CPU: Intel Sandy / Ivy Bridge (x86_64)
I need to write a device driver which connected to CPU via PCI Express and need to use the maximum bandwidth. To do this, I'm using the mapped device memory to the physical address space of the processor. Then mapping this memory into the virtual address space of the kernel marked as WC (Write Combined) using ioremap_wc ()
.
As is known in the x86_64 CPU there are several buffers:
- Cache - a well-known fast memory buffer, consisting of three buffers: L1 / L2 / L3 Each level consists of a cache line of 64 bytes.
- In the WB (Write Back) mode - (asynchronous) in the background CPU is writing the data from cache to the RAM by using blocks of 64 bytes in any sequence.
- In the WT (Write Through) mode - (synchronous) each store to the memory by using
MOV [addr], reg
is storing the cache line to the cache and RAM immediately.
Detailed about cache levels: each core has L1 (64 KB, 1 ns) and L2 (256 KB, 3 ns), and whole CPU has one for all cores buffer L3 (4 - 40 MB, 10 ns).
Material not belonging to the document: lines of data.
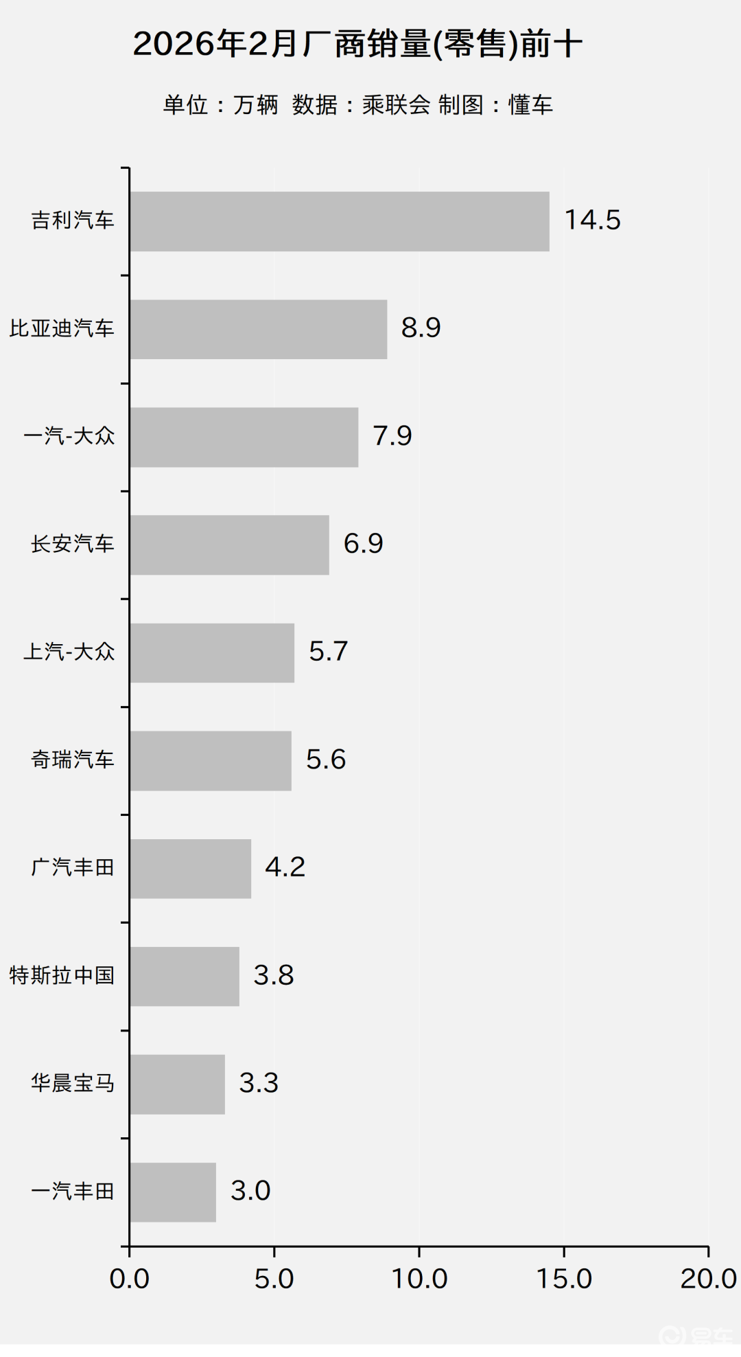 *以零售量排名,“2026年2月厂商销量(零售)前十榜”放在文章最后,只想看排名可以直接滑到文章底部。
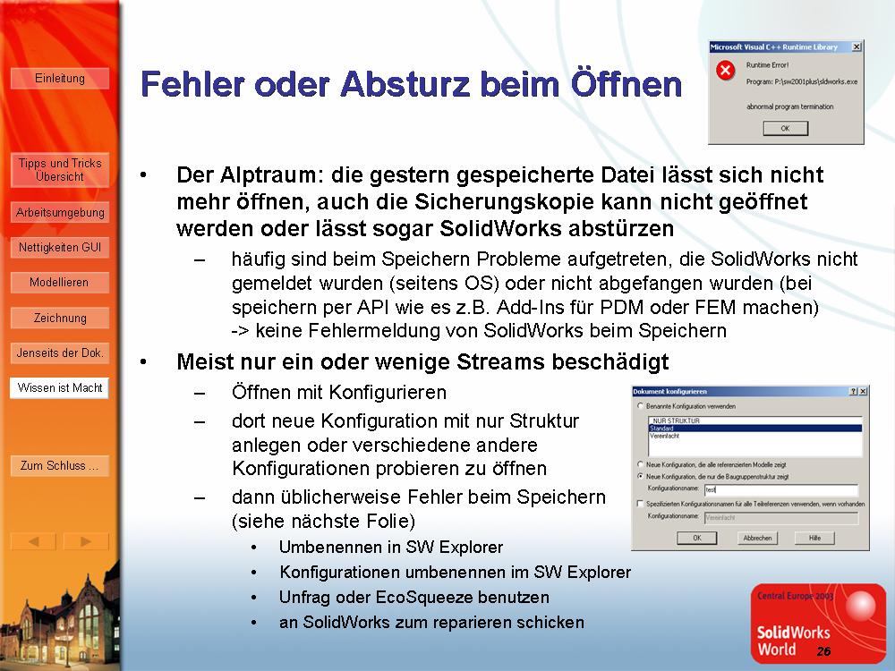 Ich hab dir mal ein Bild von meinem Vortrag aus Landau angehangen, da stehen ein paar Tipps drin, wie du die Datei vielleicht doch noch aufbekommst. Falls du die in SW2003 noch aufkriegst versuch die mal einfach unter einem anderen Namen zu speichern, dass hilft auch manchmal.
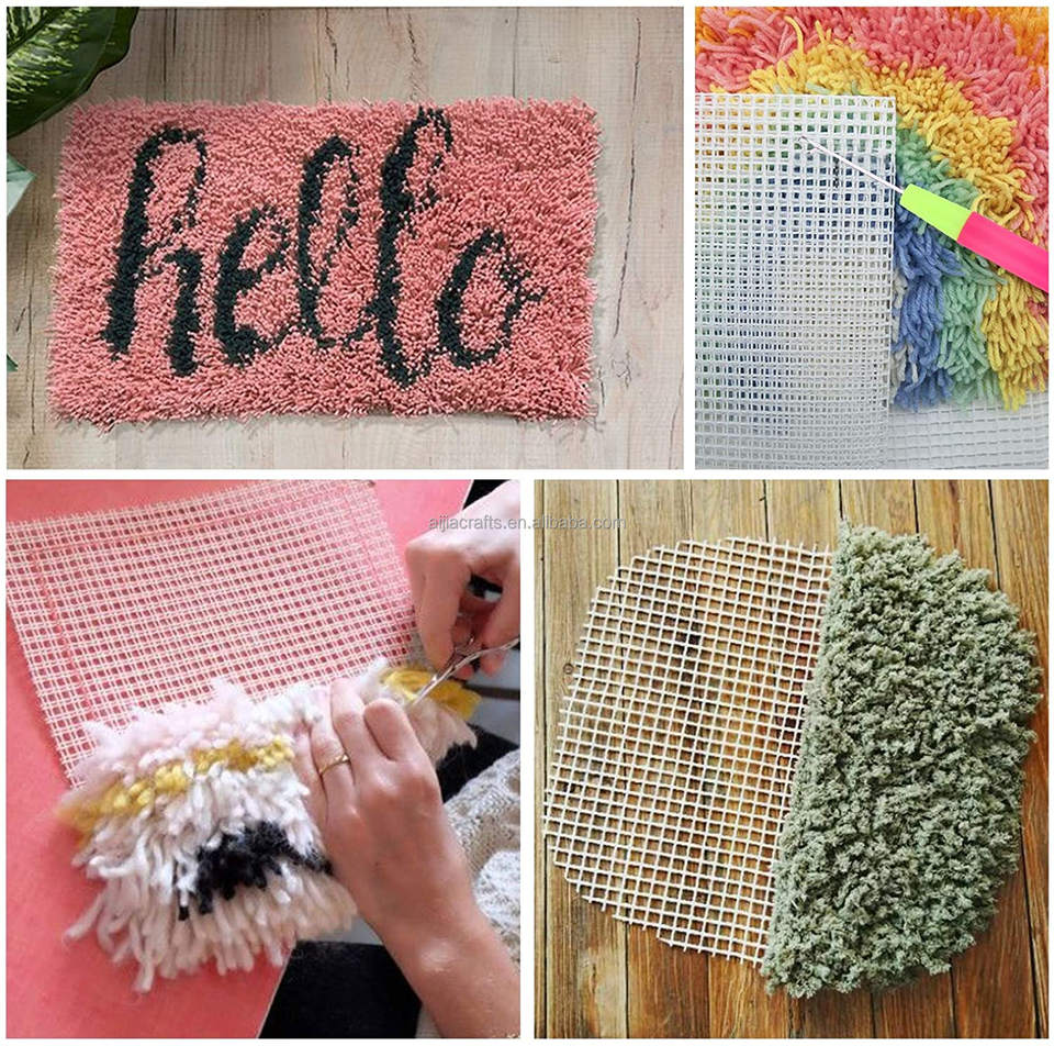 Kit de toile de maille d'accrochage de tapis vierge avec outil de crochet de loquet plié en bois, toile en plastique de kit d'accrochage de tapis

(SB) Store Buffer - a buffer (queue) in which all data is stored sequentially. And in the same sequence the data lazily in the background are stored in memory. But there is an option to force save the data from store buffer to the Cache / RAM by using
SFENCE
orMFENCE
(for example for support sequential consistency between cores).BIU (Bus Interface Unit) / WCB (Write Combining Buffers) - in the WC (Write Combined) mode. When the memory region is marked as WT, the cache is not used, and used BUI / WCB with size 64 bytes as the cache line. And when we store to memory
MOV [addr], reg
by 1 bytes 64 times, then only when last byte has been stored then the whole BIU / WCB stores to the memory - this is optimized mechanism for writing data to the memory area by whole blocks of 64 bytes. An example, it is a very important mechanism for store data to the device memory which mapped to the CPU physical address space through PCI-Express interface, where recording(sending) by 64 bytes increases actual bandwidth in times compared with recording(sending) by 1 byte. But there is an option to force save the data from BIU / WCB to the [remote] memory by usingSFENCE
orMFENCE
.
And some strongly related questions:
1. Do Cache, Store Buffer and BIU/WCB all use the same physical buffer in CPU, but different parts of it, or all of them has separate physical buffers in CPU?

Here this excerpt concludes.